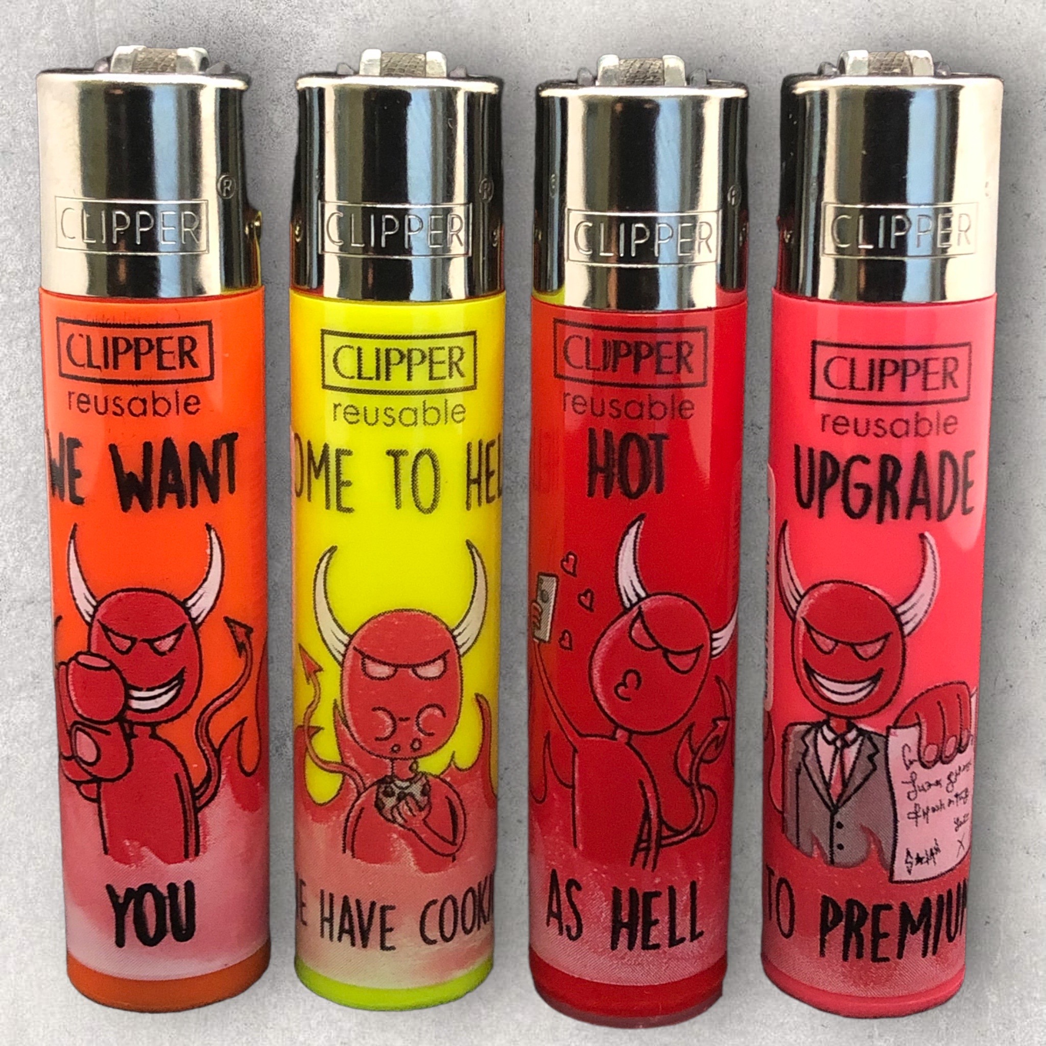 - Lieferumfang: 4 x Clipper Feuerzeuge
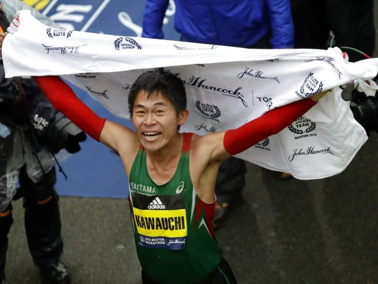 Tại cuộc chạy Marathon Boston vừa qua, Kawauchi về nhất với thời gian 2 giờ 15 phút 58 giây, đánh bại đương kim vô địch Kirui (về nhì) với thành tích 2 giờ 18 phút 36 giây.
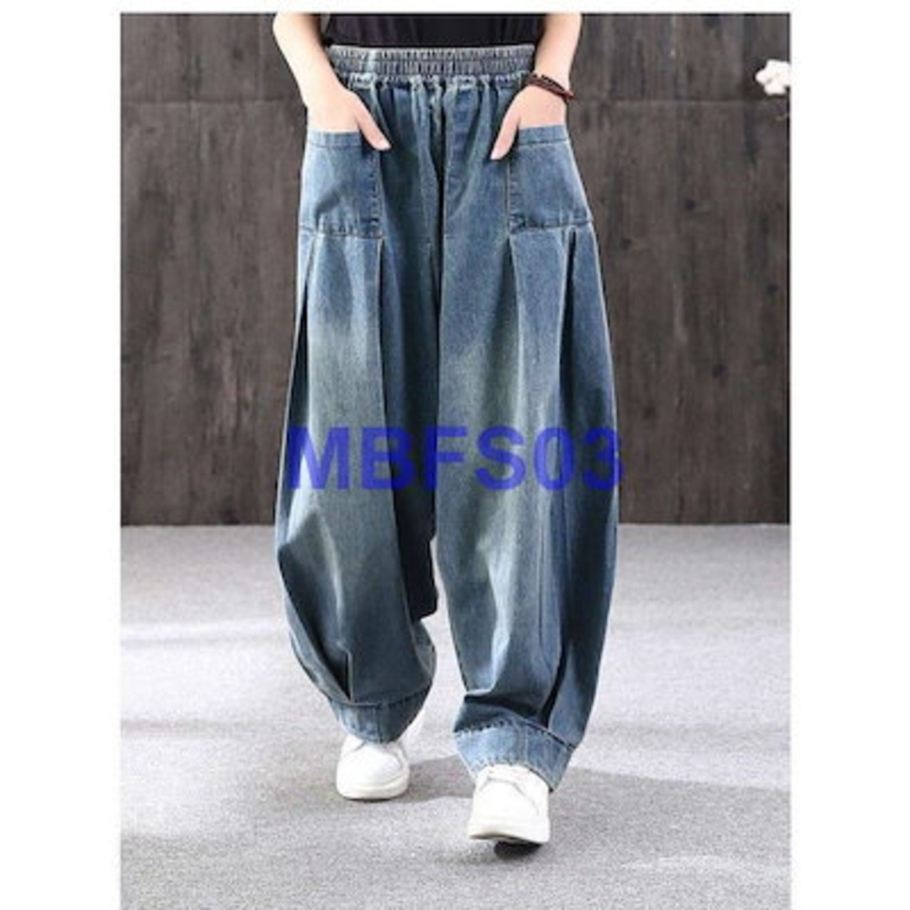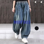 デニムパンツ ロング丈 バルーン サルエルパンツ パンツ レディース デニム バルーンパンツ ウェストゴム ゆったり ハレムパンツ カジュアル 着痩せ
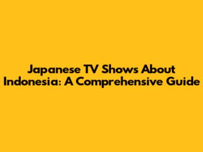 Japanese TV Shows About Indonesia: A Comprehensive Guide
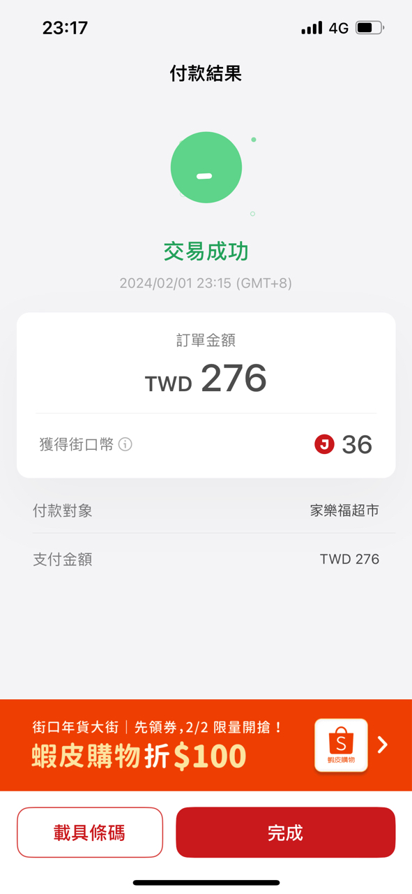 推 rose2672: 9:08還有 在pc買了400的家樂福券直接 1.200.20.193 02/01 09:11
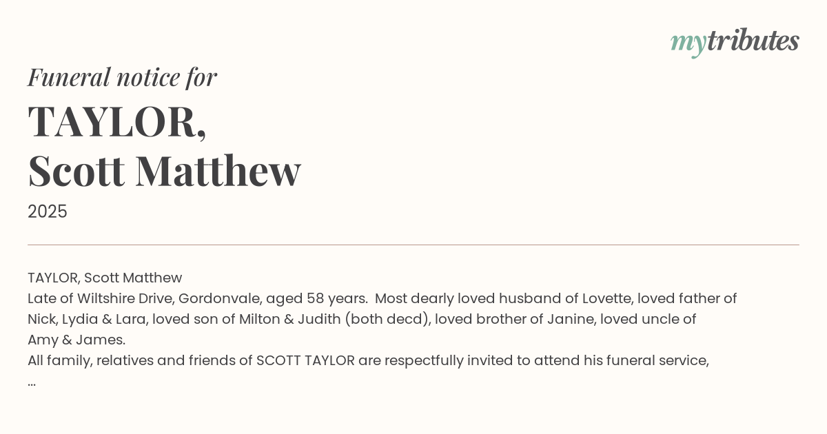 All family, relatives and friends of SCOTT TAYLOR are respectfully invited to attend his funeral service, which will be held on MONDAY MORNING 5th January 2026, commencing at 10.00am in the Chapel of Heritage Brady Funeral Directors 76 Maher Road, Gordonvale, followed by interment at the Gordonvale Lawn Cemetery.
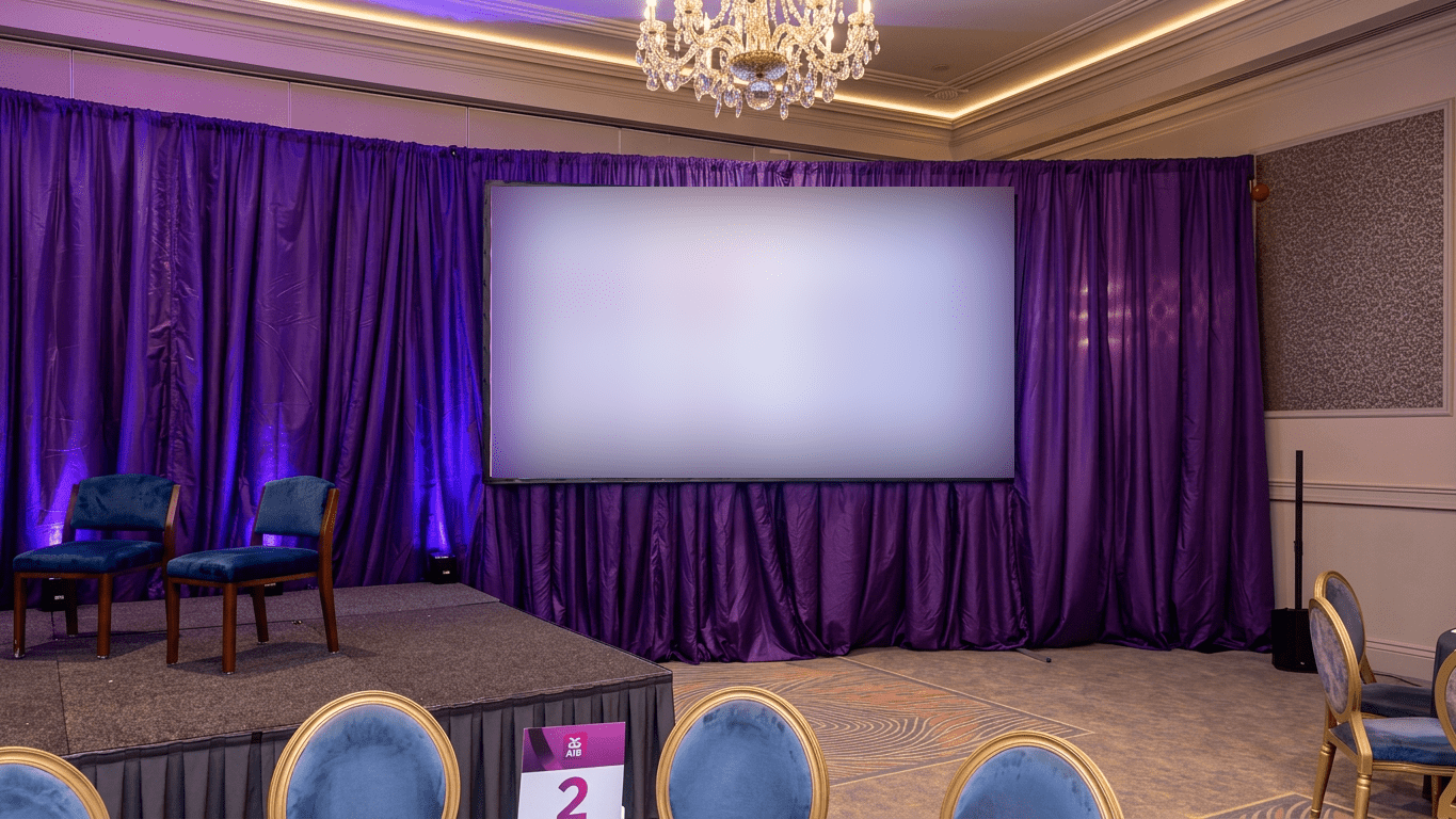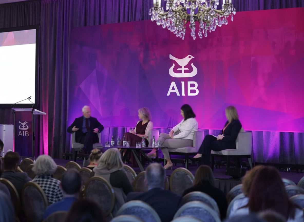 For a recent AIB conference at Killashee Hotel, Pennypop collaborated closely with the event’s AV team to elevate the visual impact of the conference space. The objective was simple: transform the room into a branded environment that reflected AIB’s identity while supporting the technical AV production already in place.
···
- **What you need to do**: Of all the material above, only the lines from the one that has "Japanese TV Shows" down to the one that has "All family, relatives" are to be written out, exactly and with both ends included. Pictures are skipped.

- **Solution to this exercise**:
 Japanese TV Shows About Indonesia: A Comprehensive Guide
 推 rose2672: 9:08還有 在pc買了400的家樂福券直接 1.200.20.193 02/01 09:11
 All family, relatives and friends of SCOTT TAYLOR are respectfully invited to attend his funeral service, which will be held on MONDAY MORNING 5th January 2026, commencing at 10.00am in the Chapel of Heritage Brady Funeral Directors 76 Maher Road, Gordonvale, followed by interment at the Gordonvale Lawn Cemetery.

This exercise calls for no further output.